Suddenly there was way too much passion for living our own way, than to care about the older boys terrorizing us afterschool, or having to run away from them etc. or all of the things we heard people yell at us for the way we were dressing. That was back in the Hippie days (1969) but still, as androgynous as those days were (for awhile) we were still crossing the line. The following year I was expelled from Boys Catholic High school for a number of reasons, including getting caught by the Principle (Brother Steven Martin) after changing into my sisters clothes in the boys room. I just couldn't stand to walk the streets in that horendous white-shirt and tie school uniform.

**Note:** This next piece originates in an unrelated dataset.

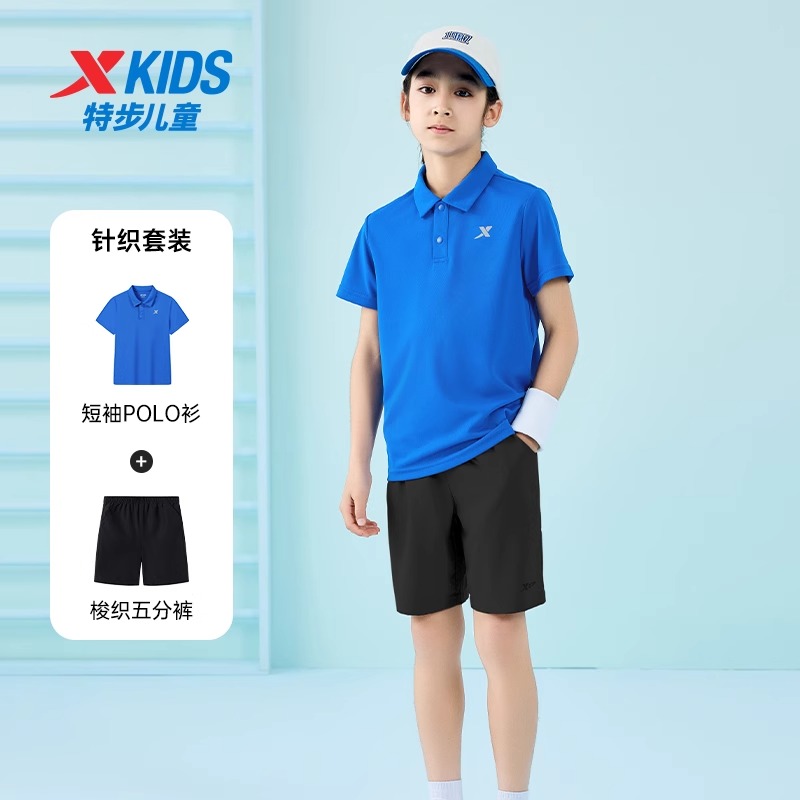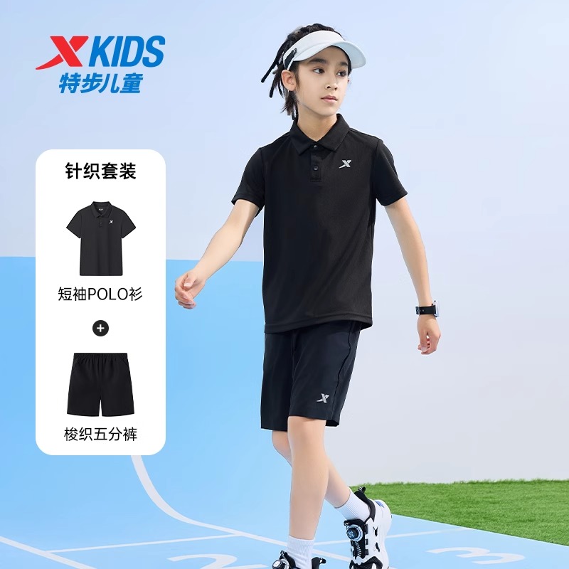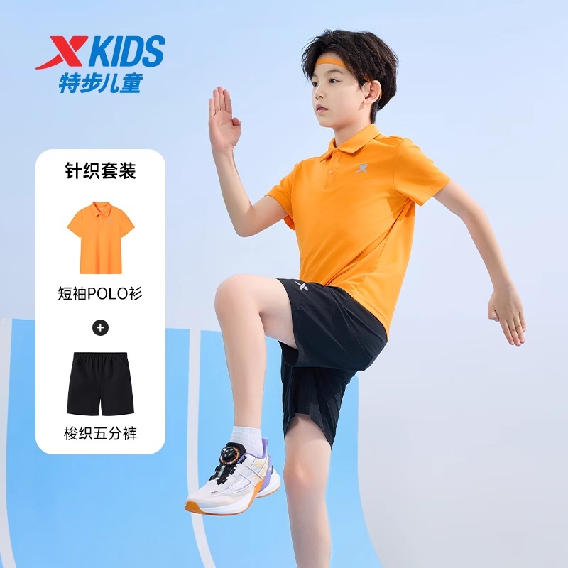 男童运动套装 短裤 2025新款 中大童POLO衫 儿童速干衣服 夏装 特步童装

I couldn't stand not to be me, from those early days in my life. But I have to say that I wouldn't have done it without my best friend and love a that time. Tragically, he was killed by a drunk driver who went through a red light, a few years later, and I was on my own again. I grew up not far from NYC, near Elizabeth NJ, and there was absolutely no support there. Ironically, it could have been 1000 miles from NYC rather than 30. for the mentality there, and I returned to my shell and closet once again. For me the 70s were a very depressing time. If there had been some form of TG community support then, I wouldn't have lived dormant until the 90s. I have often wondered in recent years why I lacked te courage to just go to the city and live my life. I guess I had to learn to be more confident, and looking back, I have always gained strength and confidence when there was support from another sympathetic person.

I guess I believe that support by example is the most compelling form of learning that leads to personal transformation.